As you can see, the first method of initializing weights for disjunctive concepts \(w_1((A_1,B_1),(A_2,B_2))\) shows the worst results, almost like coming from random choice. The reason can be in high values of preinitialized weights, which result in high values of activation function in class nodes, so it is difficult for neural network to fit the data (Table 4).

This model is significantly less accurate than the previous one. The reason of such difference may reside in the monotone nature of disjunctive concepts (the size of extents increases with the size of intent). The top level of the lattice gives very general concepts with big extents and intents, which are not so good for classifying objects.

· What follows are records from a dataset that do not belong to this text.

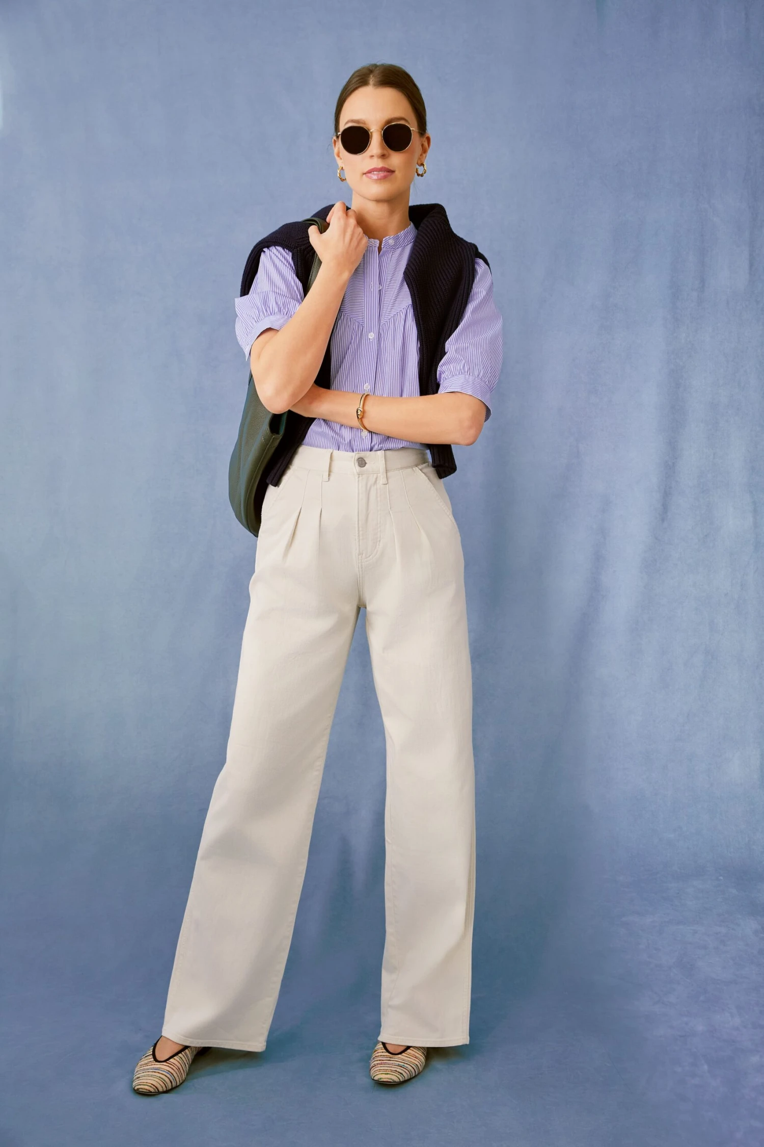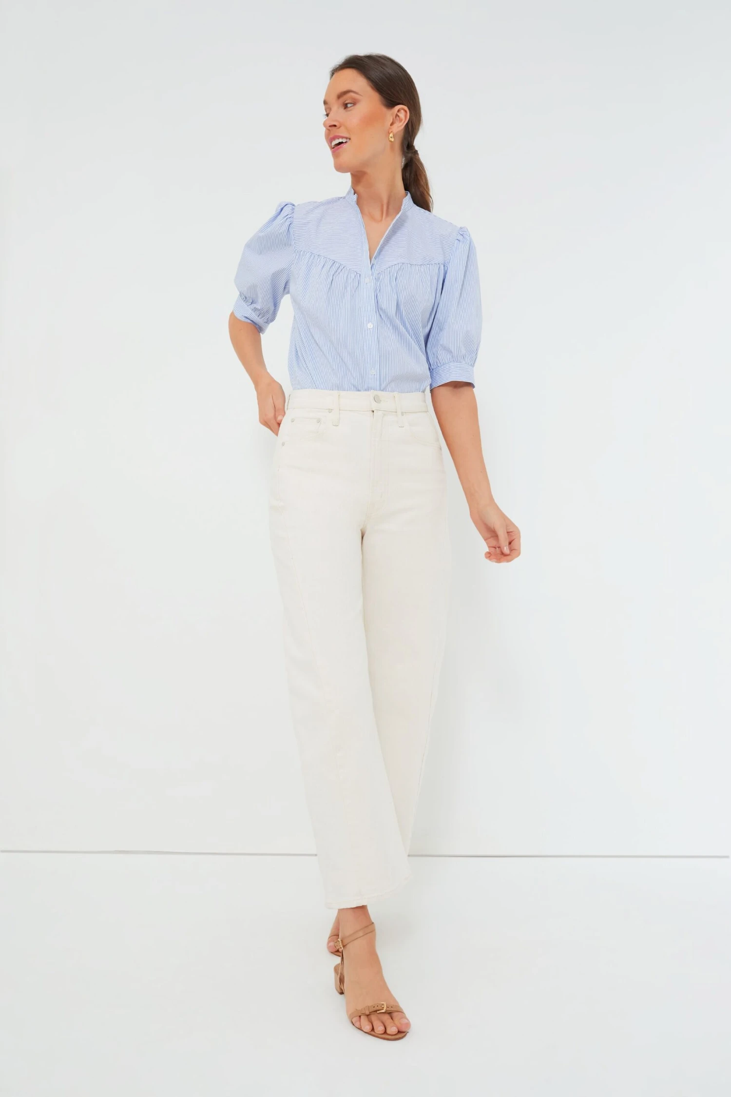 The Shirt by Rochelle Behrens has done it again with another closet staple that you will find yourself wearing day in and day out. With short puff sleeves, a gathered seam on the chest, and a classic blue and white striped pattern, this is a perfect transition piece between the cold and warm months. Pair with trousers and loafers for a day in the office, or with denim and sneakers for a day running errands!
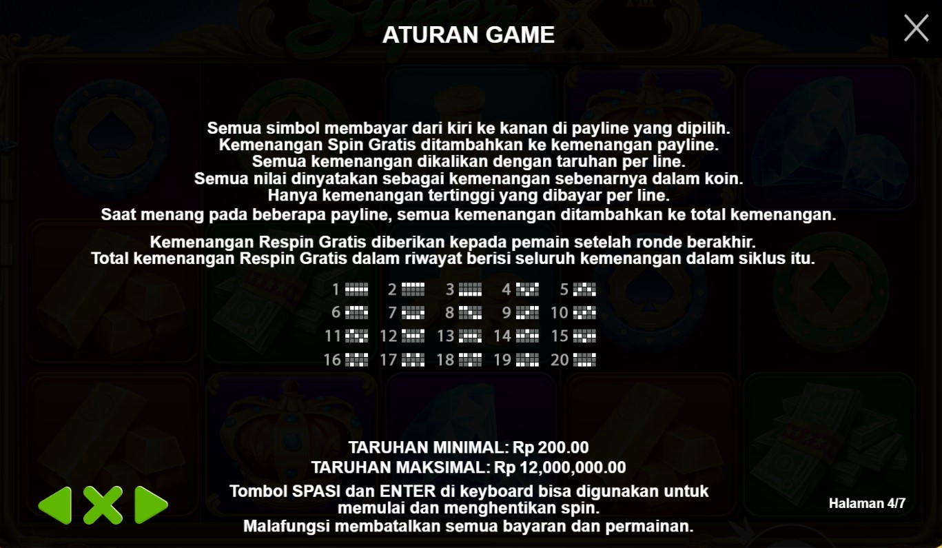 Paytable Slot Online Terpercaya Super X
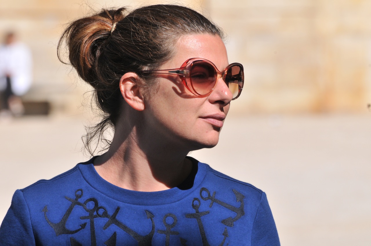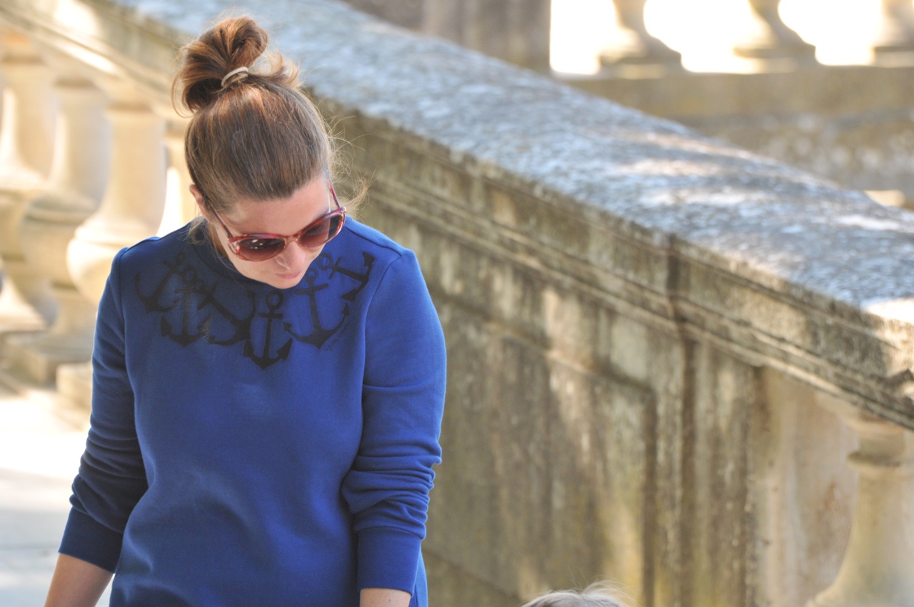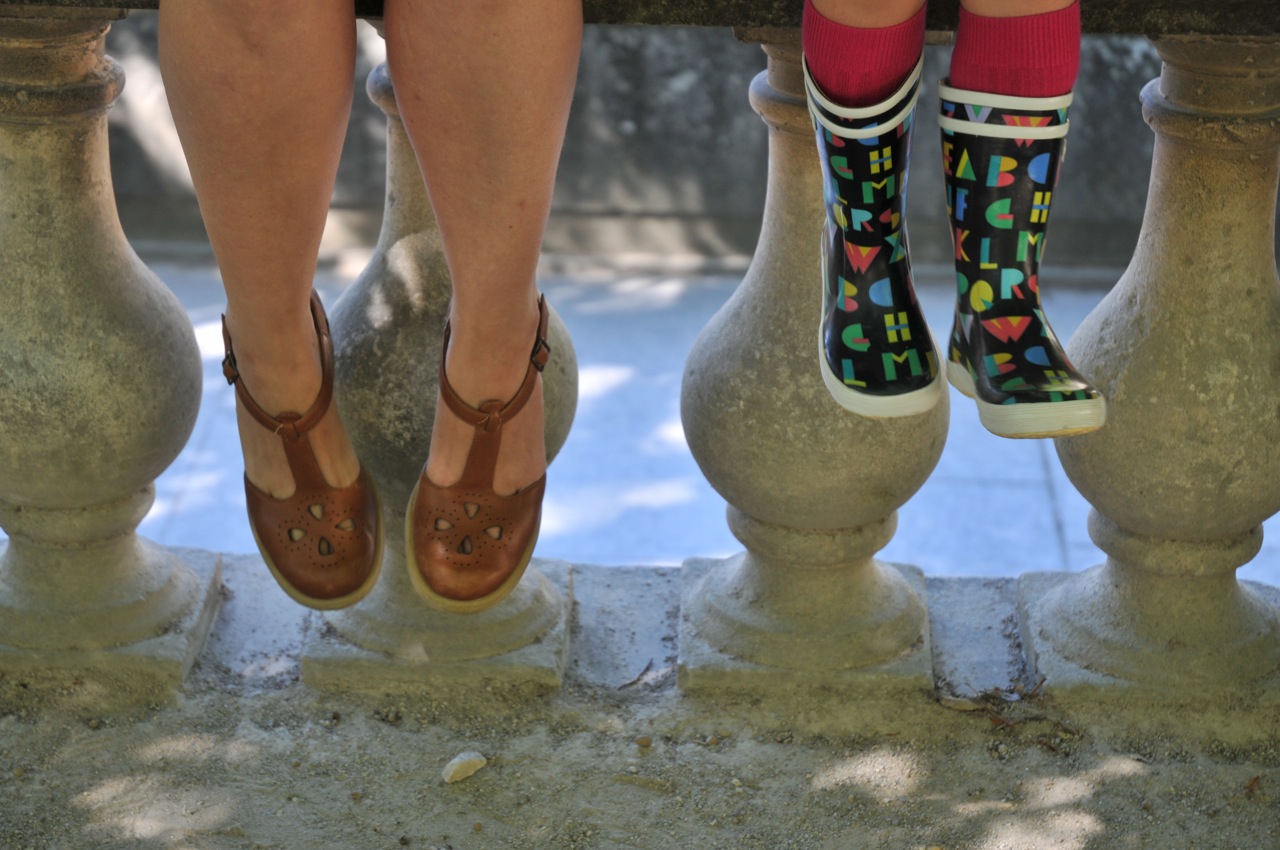 Nous portons toutes les deux des tenues Petit Bateau, des chaussures Asos pour moi et des bottes Aigle et des chaussettes hautes Collégien pour Vio. Mes lunettes ont été chinées et le soleil derrière c’est cadeau !

Table 4. Performance of disjunctive formal concepts with various initial weights and activation functions

6 Conclusion

In this paper we have proposed an approach for constructing neural networks based on lattices coming from antitone Galois connections (standard concept lattices) and monotone Galois connections.

Neural networks that are based on concept lattices are very sparse compared to standard fully-connected networks. All neurons in the last hidden layer are related to concepts coming from the dataset. Another advantage of neural networks based on concept lattices is their interpretability, which is very significant in domains like medical decision making and credit scoring. One can both predict the probability of default of applicants, but also implement specific rules and then weight them according to their importance for predicting target variable. Thus, NNs based on concept lattices can be implemented in domains where it is important to explain why objects are assigned to particular classes.

We have presented some results of experiments with different heuristics and parameters of the model. We have calculated performances of simple neural networks with different number of hidden layers and neurons. Also, we have evaluated performance of other learning algorithms in order to compare them with neural networks based on concept lattices for different datasets. We can conclude that on some datasets we have achieved results comparable with those obtained by other learning approaches. Our further research will be on the study of methods for selecting best concepts for better network performance.